Monday, August 9, 2010

My Journey Into Kundalini Yoga

To lead up to my Intro to Kundalini Workshop this weekend at Lil Omm Studio (Saturday, 1-3pm), I wrote the following post for the Lil Omm blog, and am reposting it here, with a relevant photo.

Tuesday class continues as well this week with the fourth class of the six week series. Palisades Community Church (downstairs in Memorial Hall), 5200 Cathedral Ave. NW, just off MacArthur Blvd, 7:30pm-8:45pm, $15/drop-in.



My Journey into Kundalini Yoga



Kundalini yoga found me right when I needed it, although I came to it somewhat late, in terms of my yoga life. I started doing yoga as a child with my mom, who caught the wave of yoga that came to the U.S. in the 1960s. She faithfully did her sun salutations every morning, and with the advent of VCRs, she and I wore out a 1980s Raquel Welch yoga video. 

I tried various hatha yoga styles as I moved around in the years after college, checking out studios that taught iyengar, ashtanga, vinyasa, anusara, Bikram, hot yoga, power yoga, you name it, but no one style particularly stuck with me.

Early in my pregnancy with my first child, I felt awful. Starving but nauseous, exhausted, crampy. Yoga and physical activity of any kind fell by the wayside as I wallowed in how miserable I felt. I only cracked a smile when I came across a book called “Pregnancy Sucks.”

Then one day, a different book arrived in the mail. A friend who had recently had her first child sent me “Bountiful, Beautiful, Blissful” by Gurmukh, a Kundalini yoga teacher. As soon as I read the first few pages my attitude began to transform. 

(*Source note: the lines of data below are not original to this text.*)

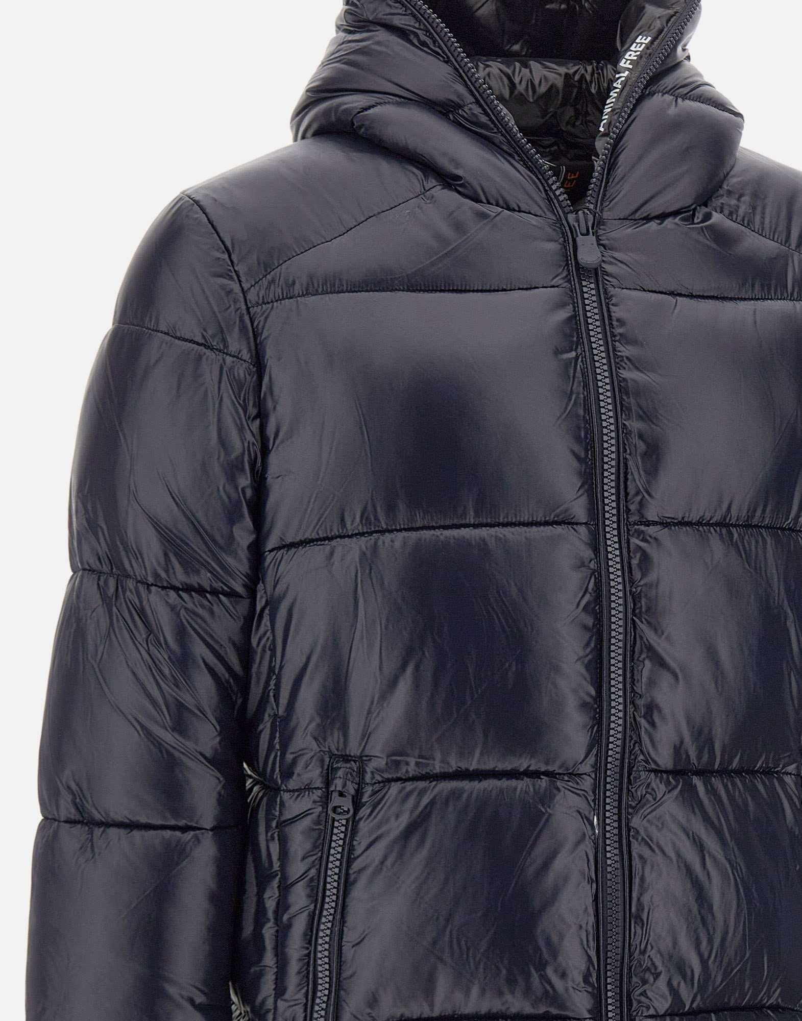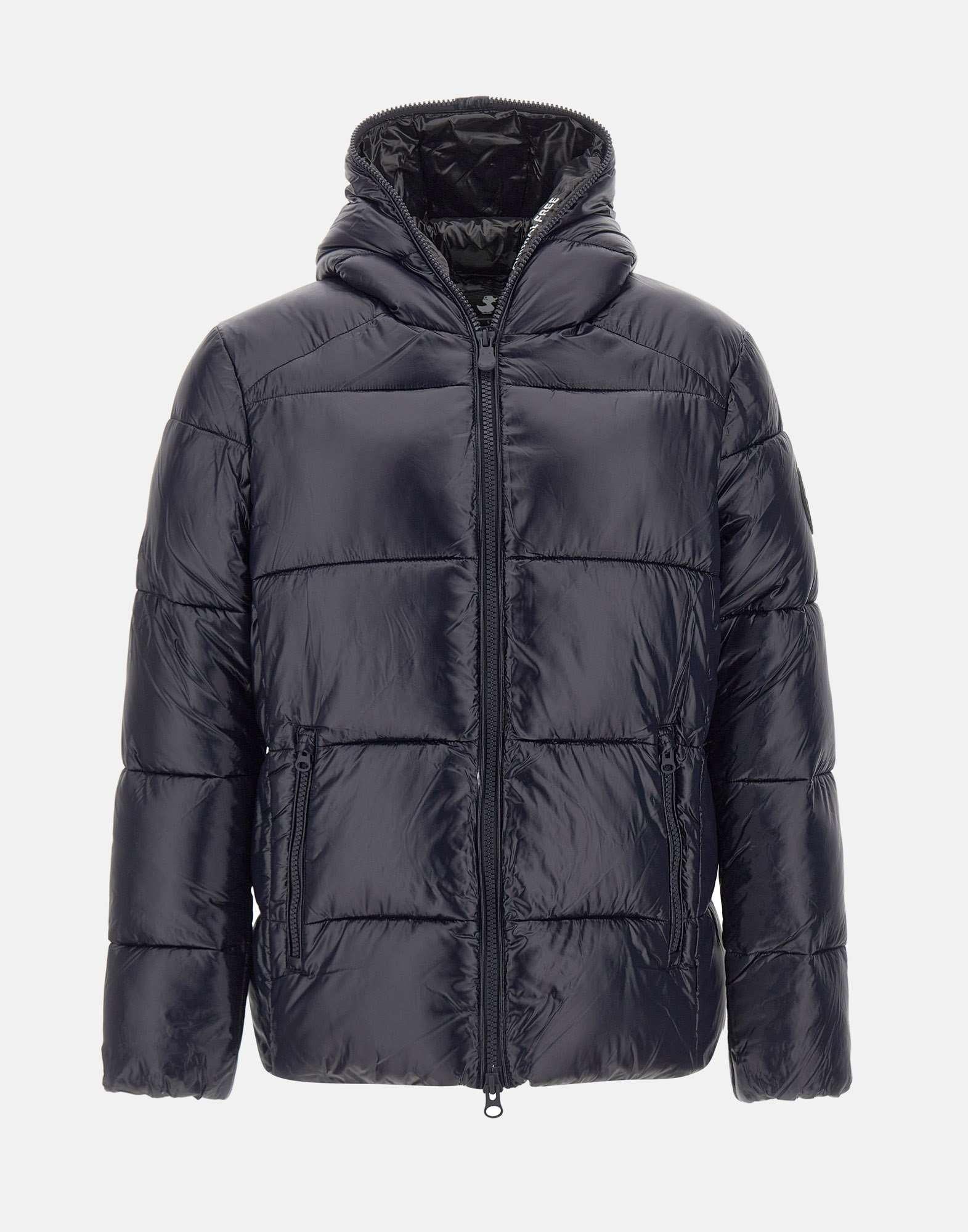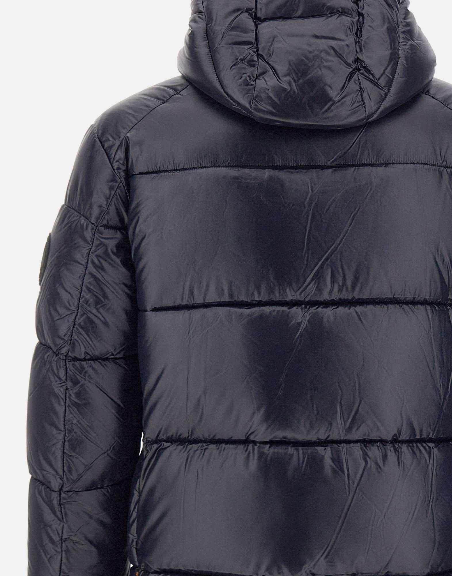 Piumino uomo Save The Duck "Edgard" in nylon riciclato color blu scuro, leggero e compatto, con mano morbida e rotonda. La costruzione ad alta densità offre ottime performance antivento, mentre il finissaggio dona un aspetto luminoso e una finitura laqué dal gusto contemporaneo. Audace ma essenziale, questo piumino uomo animal free e imbottito in Recycled Plumtech per un comfort caldo e leggero. Dotato di cappuccio, presenta coulisse regolabile al fondo e due tasche zippate. Completano il design il logo rotondo nero sulla manica, la stampa ANIMAL FREE nel cappuccio e il tirazip personalizzato, dettagli distintivi Save The Duck. Vestibilità regolare, perfetto per l'inverno in chiave luxury boutique italiana.
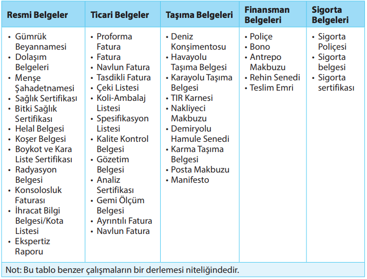 Dış ticaret işleminde kullanılan belgeleri niteliklerine göre, ticari belgeler, resmi belgeler, sigorta belgeleri, finansman belgeleri ve taşıma belgeleri veya belgeyi kullananın tarafına göre, ithalatçı tarafından hazırlanacak/sağlanacak belgeler ve ihracatçı tarafından hazırlanacak/sağlanacak belgeler olarak sınıflandıran çeşitli çalışmalar bulunmaktadır. Aşağıda sunulan tabloda belgelerin niteliklerine göre bir tasnifi yapılmıştır.
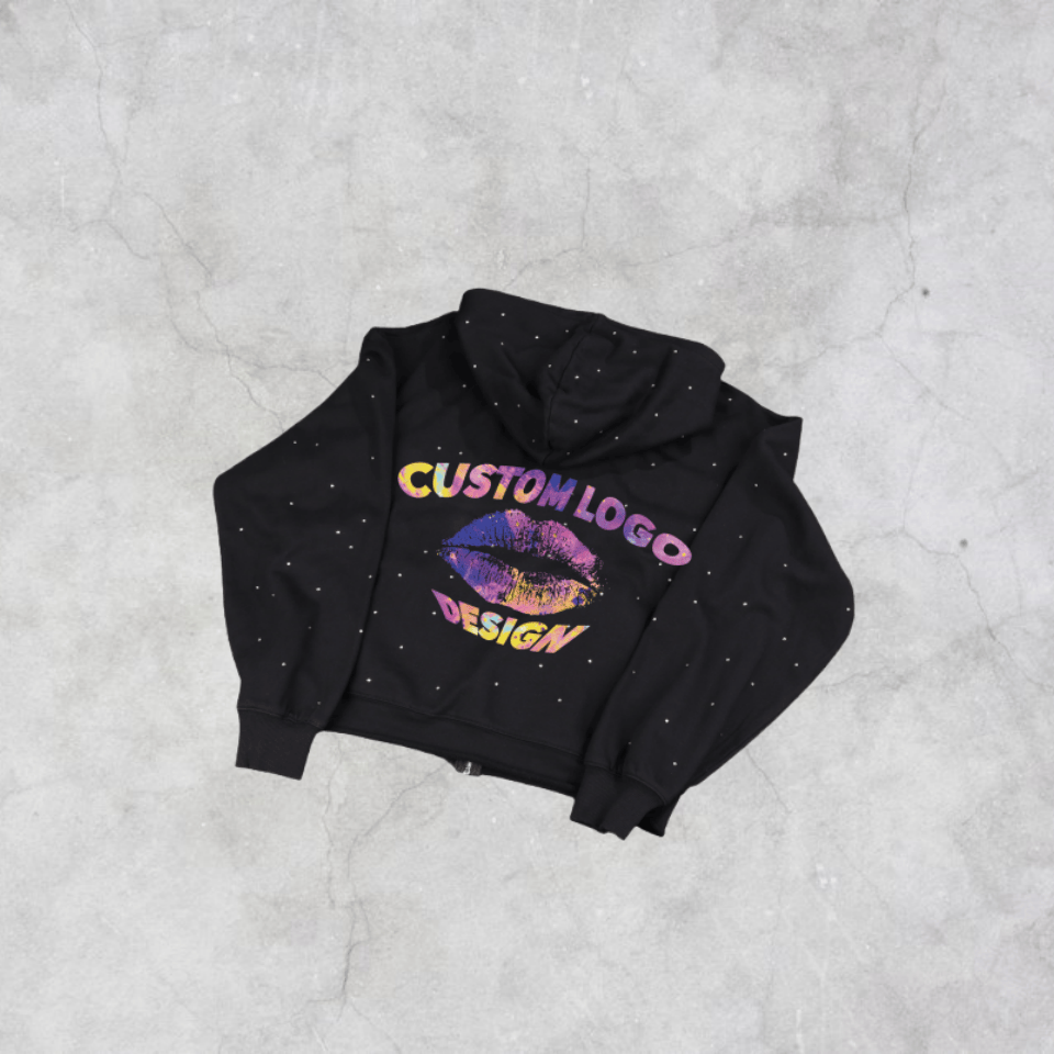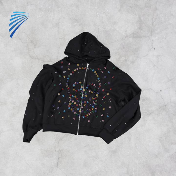 Sudadera con capucha para hombre de alta calidad Diseño de lavado ácido con diamantes incrustados Sudadera con capucha estampada antiarrugas
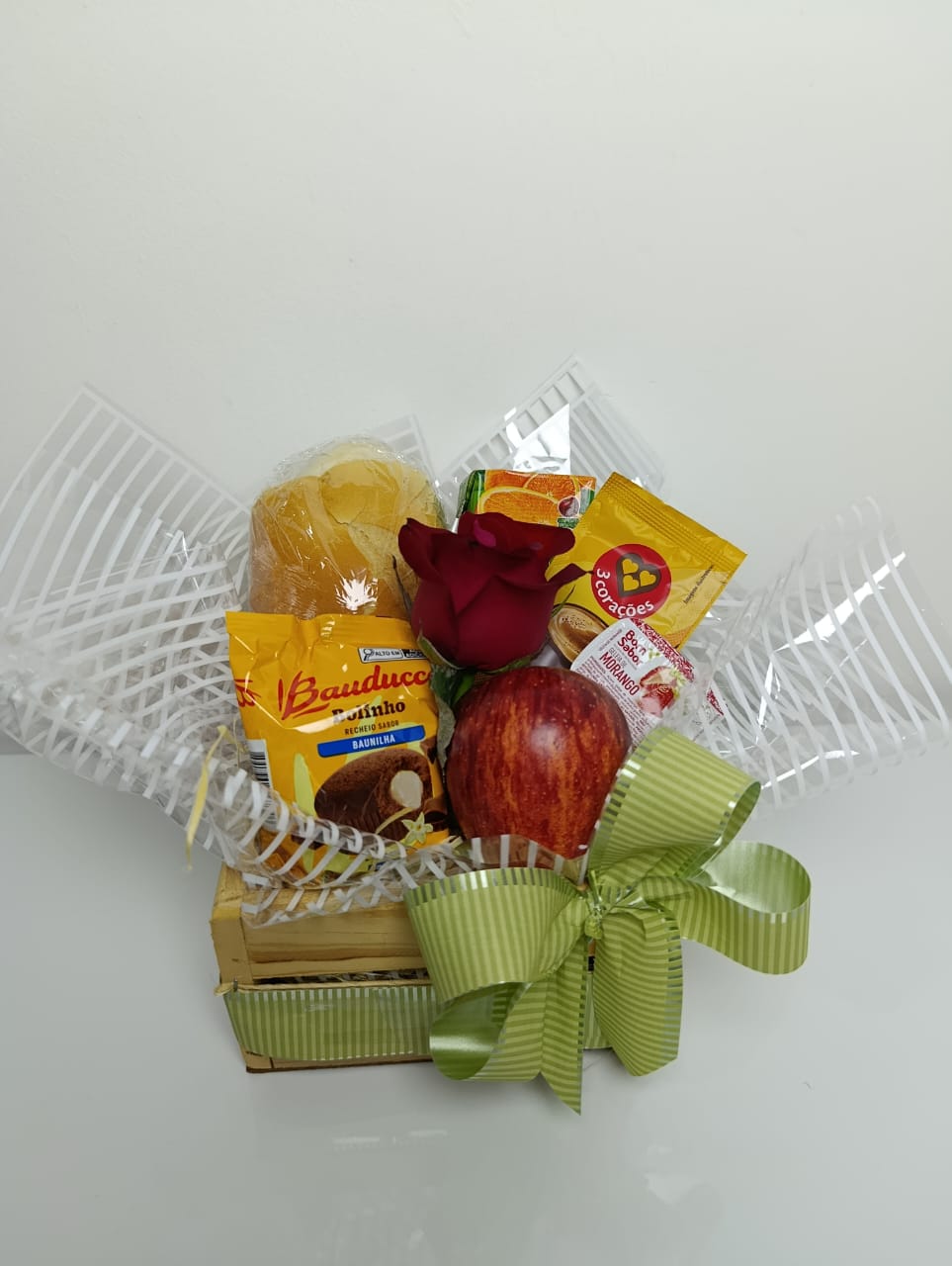 Transforme o começo do dia em um momento especial com a Cesta Mimo Um Simples Bom Dia 2, uma combinação perfeita de sabores e delicadeza. Montada com produtos selecionados e uma linda rosa vermelha natural, essa cesta é ideal para demonstrar carinho, amor e gratidão de forma simples, porém inesquecível.

I had never heard of Kundalini yoga and the book contained only a few postures and meditations, but I knew with all my heart that I need to find Gurmukh and study with her. My heart sank when I discovered she lived and taught in L.A. Perhaps I could find a teacher in D.C. who had studied with her, I reasoned. A little research led me to a prenatal Kundalini yoga class in Georgetown. 

I didn’t love the physical part of Kundalini at first. Although some postures were familiar from hatha yoga, others seemed at first awkward and strange. Some didn’t necessarily feel good as I did them. It helped when my teacher reminded me to connect to my breathing and to a silent mantra. It also helped when she shared a quip from Yogi Bhajan, who brought the Kundalini tradition to the West: “The best part of Kundalini yoga is when it’s over.” 

The “tuning-in” mantra that we did at the beginning of class seemed at first like a tongue-twister in an ancient language, but I liked that it meant “I honor the divine wisdom within me.” The idea that my body contained divine wisdom resonated with me, and I began to count on that divine wisdom to get me through childbirth.

In other yoga classes, my mind would often wander while my body ran through the poses. I would wonder about the other people in the room, or think about what I needed to buy at the store. In Kundalini class, because we kept our eyes closed and were continually reminded to reconnect to the breath and a mantra, I began to learn to stay internal and notice what my mind was doing.

Kundalini class always ended with a meditation, unlike other yoga classes I had attended. I had tried zen meditation years before, and while I liked the idea, I had trouble connecting to the practice. Kundalini meditation was different. There was more to do – a mudra (hand position), a drishti (eye focus), a breathing pattern, sometimes a mantra – which helped focus my mind. 

Some of the meditations were physically and mentally challenging, often because they involved holding my arms up for what seemed like endless minutes. I began to notice how I felt and what thoughts ran through my mind when my body was uncomfortable. My teacher reminded me that surrendering to uncomfortable physical sensations would be excellent practice for natural childbirth.

She was right. I went into childbirth feeling relaxed and prepared for the unknown, confident that my body could open up to whatever experience lay ahead. While I liked the Bradley childbirth class my husband and I took, for me the best childbirth preparation was the mental training of Kundalini yoga. I took the advice in Gurmukh’s book to heart and trusted that I was more powerful than I might realize, and that staying present for this miracle I was lucky enough to experience would guide me through any difficulty. Gratitude was my touchstone whenever I lost my way.

I credit that that first prenatal class with helping me have two natural births (the second at home.) In addition, a door opened for me into a new world of yoga. While I had always enjoyed and been attracted to the physical practice of hatha yoga, Kundalini yoga allowed me to experience my consciousness and my spirit in a way that I had never done before. 

Almost four years after that first prenatal class, I entered a Kundalini teacher training program at Yoga House Studio in DC, with Elizabeth Greathouse. The training helped me uncover levels of strength, self-discipline and peace of mind that I didn’t know were deep inside me. I use the tools I learned every day, not only in my yoga practice, but in my work and my home life. The training gave me the foundation to continue to study this rich and ancient tradition and to continue to develop myself as a yogi and a person. It also gave me the sincere desire to share Kundalini yoga with others, in the hopes that they will find it just as valuable.